Until September 2003, K-Mc I also had an option to acquire from us our Main Pass facilities that will be used in the potential Main Pass Energy HubTM project discussed below.  In September 2003, we modified the agreement and eliminated that option.


In September 2003, we modified the K-Mc I transaction so that K1 USA now has the right to participate as a passive equity investor in 15 percent of our equity participation in the Main Pass Energy HubTM project.  K1 USA would need to exercise that right prior to the closing of the project financing arrangements by agreeing to fund 15 percent of our future contributions to the project.   K1 USA has also received warrants to acquire a total of 2.5 million shares of our common stock at $5.25 per share, with the warrant for approximately 1.74 million shares expiring in December 2007 and the warrant for the remaining shares expiring in September 2008.  Under terms of the modified agreement, K1 USA is no longer required to provide credit support of up to $10 million covering the potential supplemental bonding requirements for the Main Pass Energy Hub™ structures.  In connection with the warrants issued to K1 USA in September 2003, we recorded a charge of approximately $6.2 million, which represented the fair value of the warrants, as determined using the Black-Scholes valuation method, on the date of their issuance.   This charge is included in “Start-up costs for Main Pass Energy HubTM” in the accompanying statements of operations.


For additional information regarding our alliance with K1 USA and K-Mc I see "Formation of Joint Venture"

included in Items 7 and 7a "Management's Discussion and Analysis of Financial Condition and Results of Operations and Disclosure of Market Risks" and Note 2 of our 2002 Form 10-K.

 

15


POTENTIAL MAIN PASS ENERGY HUBTM  PROJECT


We have been pursuing alternative uses of our discontinued sulphur facilities at Main Pass in the Gulf of Mexico.  We believe that an energy hub, consisting of a natural gas receipt, processing, storage and distribution facility, could potentially be developed at the facilities using the infrastructure previously constructed by us for our sulphur mining operations, which have been discontinued.  We refer to this potential project as the Main Pass Energy HubTM Project.  We have completed conceptual engineering for the project and have begun preparing an  application to be filed with the U.S. Coast Guard for a license to authorize us to receive, process, store and distribute LNG and natural gas at the facilities.  We anticipate filing our application with the U.S. Coast Guard by early 2004.  We have also applied for permits that would allow us to use the facilities as a disposal site for non-hazardous oilfield w aste.

  

A natural gas terminal at Main Pass could potentially be used to receive, process, store and distribute LNG offshore using Main Pass’ existing facilities and the significant storage capacity in its two-mile diameter caprock and salt dome.  Potential advantages of the Main Pass facilities include their close proximity to shipping channels and pipelines that would facilitate the receipt and distribution of natural gas, and we believe that use of the existing facilities would provide timing, construction and operating cost advantages over the development of terminals at undeveloped locations.  In addition, the offshore location of the Main Pass terminal may mitigate the security, safety and environmental issues faced by onshore facilities.  Finally, we believe that Main Pass may be used to handle the fleet of new LNG supertankers, which may have limited access to certain existing U.S. ports.

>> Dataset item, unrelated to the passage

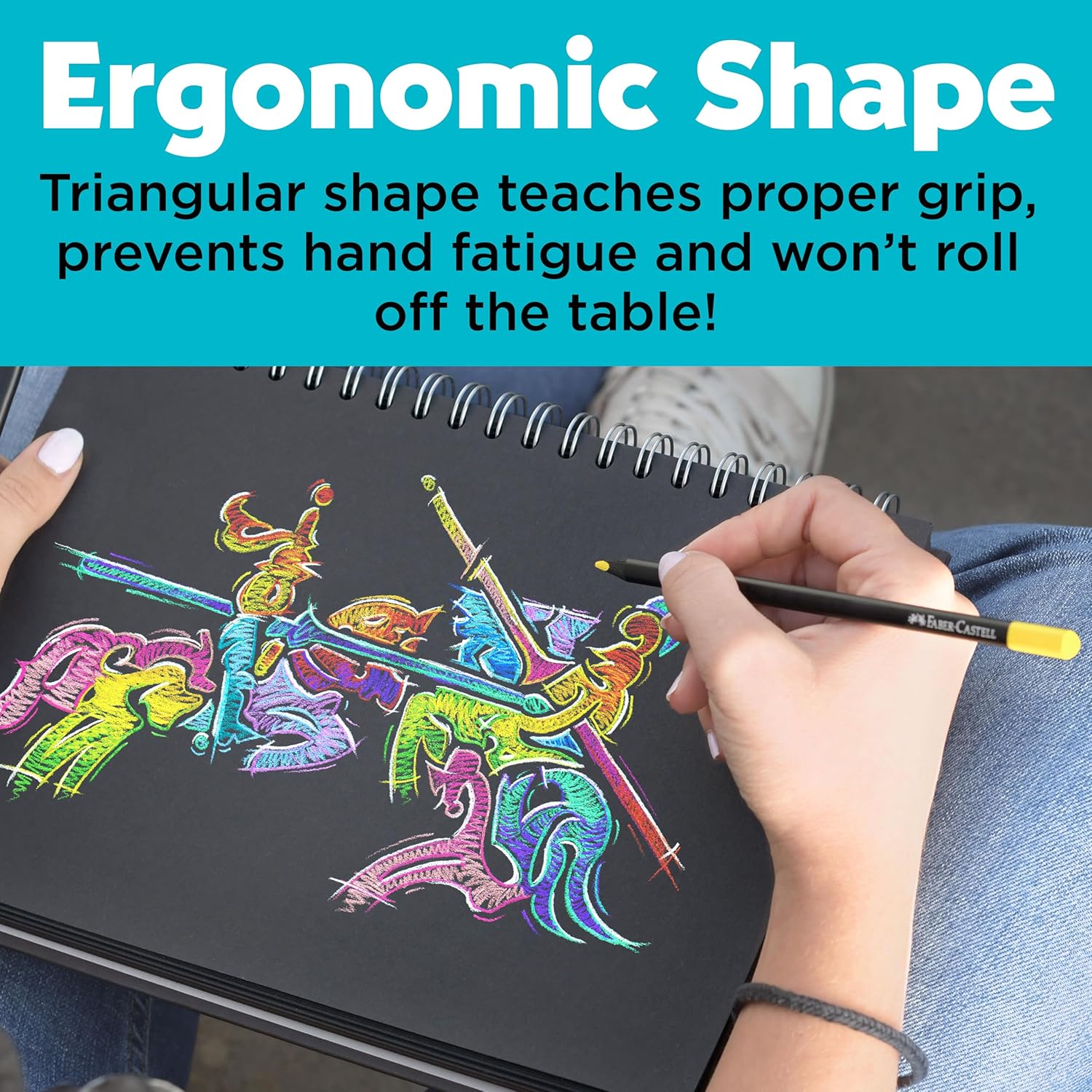 - ERGONOMIC COLORING PENCILS: Faber-Castell colored pencils are pre-sharpened and feature a triangular shape, ensuring the correct grip position with optimum comfort and preventing hand fatigue when drawing and coloring. Just add creativity to bring your adult coloring books, drawings and sketches to life with brilliant color

We are in the initial stages of determining the feasibility of developing an LNG terminal at the Main Pass facilities.  Accordingly, we have not yet determined to develop the project. In addition to completing a detailed engineering and financial assessment, we are pursuing regulatory approvals.  The project will also require significant financing.  Applying for regulatory permits and pursuing commercial arrangements will involve significant expenditures.  We are seeking commercial arrangements to form the basis for financing the project. While there is no assurance that regulatory approvals and financing may be obtained at an acceptable cost, or on a timely basis, or at all, our objective is to pursue both simultaneously in order to position this project to be one of the first U.S. offshore facilities to receive, process, store and distribute LNG.  Our management team has significant experience in completing major developmen t projects and commercial transactions.  We are aggressively pursuing these activities and expect to spend approximately $10 million in the near-term to advance the permitting process.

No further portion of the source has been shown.